_STUDY MATERIAL_

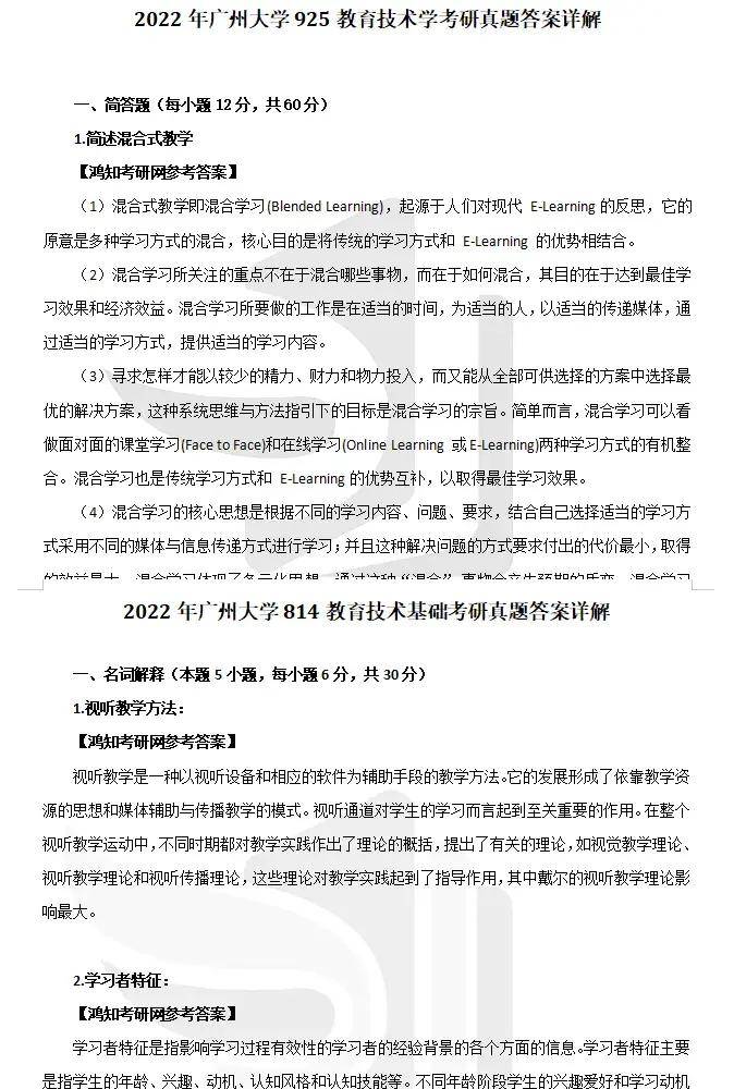 2015-2023年广州大学925教育技术学考研真题答案详解【没有24答案】【原教育学院】
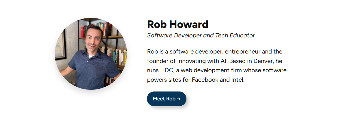 Proven Success: Rob Howard has helped hundreds of aspiring consultants build successful AI businesses. His course is based on strategies that have helped many individuals thrive in AI consulting.
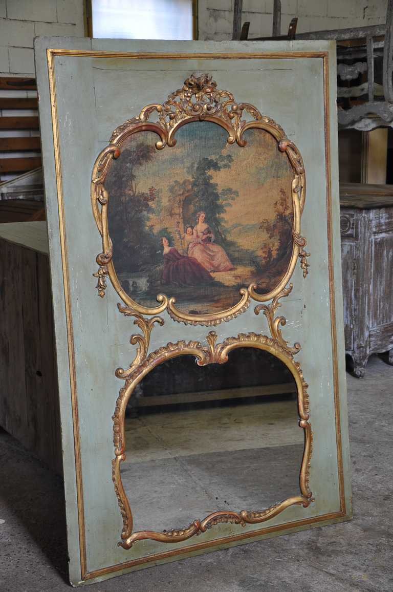 French late 18th century “Trumeau” mirror, Louis 16th style in painted and gilt wood, circa 1800.
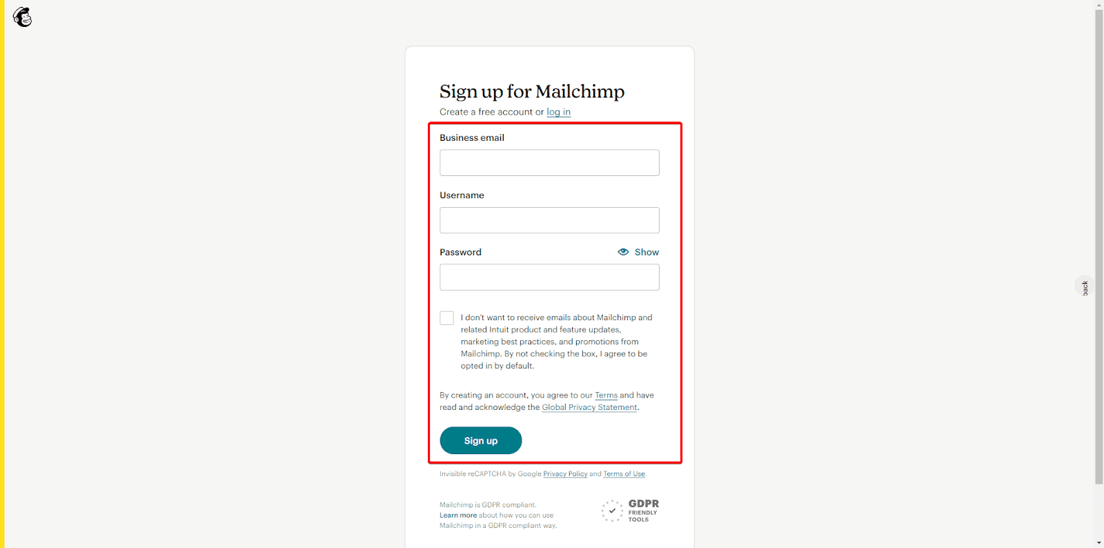 - Inicie sesión en su cuenta de Mailchimp con sus credenciales.
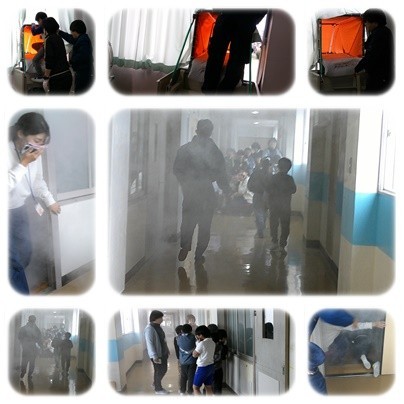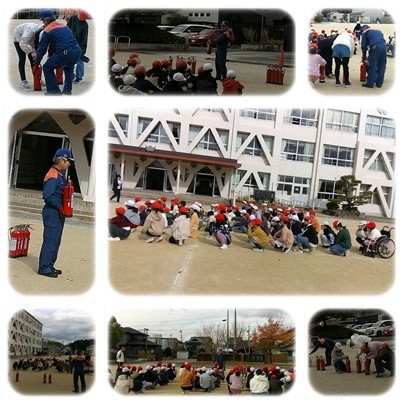 火災時の避難訓練をしました。2年生は煙道体験、5年生は消火器での消火体験、
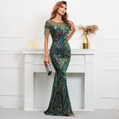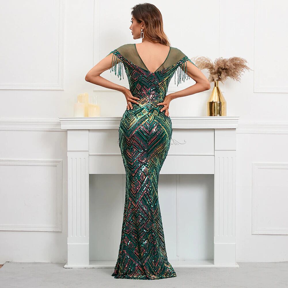 YIDINGZS イリュージョンメッシュゴールドスパンコールイブニングドレスセクシーなパーティーマキシドレス女性ビーズドレスロングウエディングドレス 18888
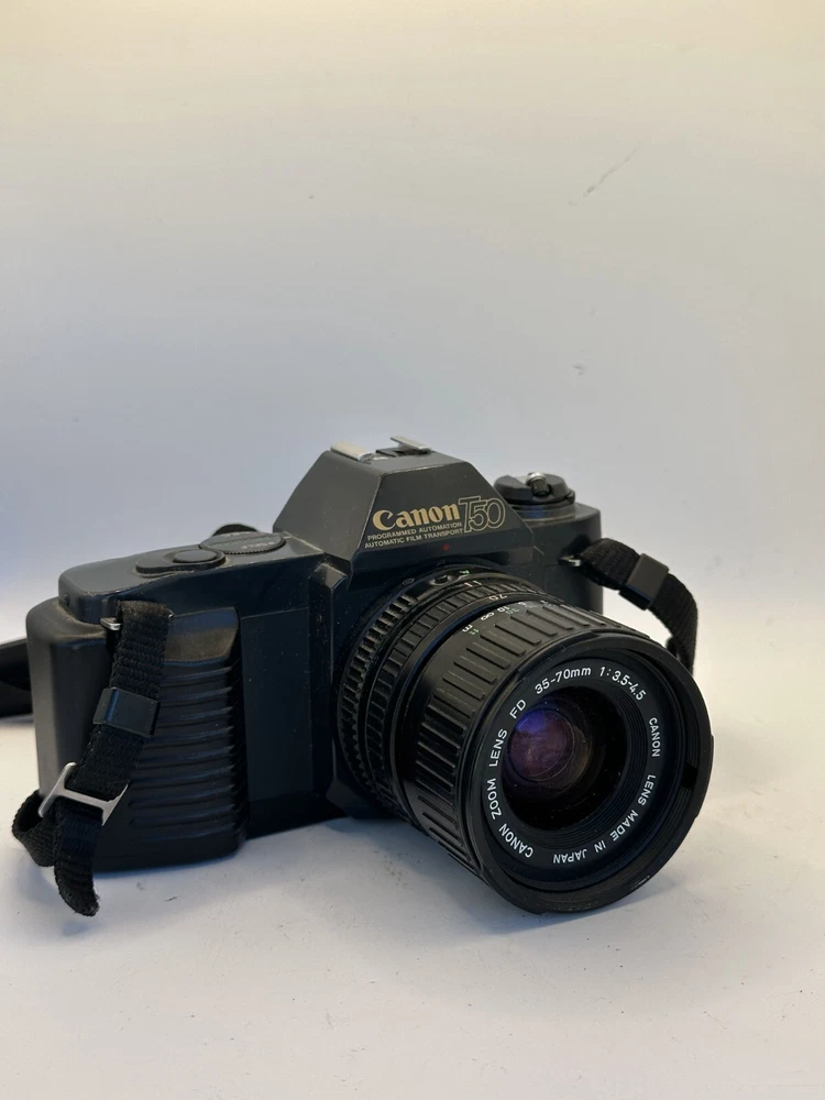 Capture memories with this classic Canon T50 35mm SLR Film Camera. Equipped with built-in light meter, auto exposure, and an electric drive, this camera offers a range of features to help you take the perfect shot. The black body design is sleek and stylish, blending in with your photography gear. This unit is a reliable choice for film photography enthusiasts, whether you're a professional or amateur. With a focus type of manual, you have complete control over your shots. Made in Japan, this camera is a testament to the country's reputation for quality electronics. Don't miss out on the opportunity to own this iconic piece of photographic history.

_EXERCISE OBJECTIVE_
From the line containing "火災時の避難訓練をしました。2年生は煙道体験、5年生は消火器での消火体験、" to the last line of the entries, output every line exactly as written, but leave out the pictures.

_EXERCISE OUTPUT_
 火災時の避難訓練をしました。2年生は煙道体験、5年生は消火器での消火体験、
 YIDINGZS イリュージョンメッシュゴールドスパンコールイブニングドレスセクシーなパーティーマキシドレス女性ビーズドレスロングウエディングドレス 18888
 Capture memories with this classic Canon T50 35mm SLR Film Camera. Equipped with built-in light meter, auto exposure, and an electric drive, this camera offers a range of features to help you take the perfect shot. The black body design is sleek and stylish, blending in with your photography gear. This unit is a reliable choice for film photography enthusiasts, whether you're a professional or amateur. With a focus type of manual, you have complete control over your shots. Made in Japan, this camera is a testament to the country's reputation for quality electronics. Don't miss out on the opportunity to own this iconic piece of photographic history.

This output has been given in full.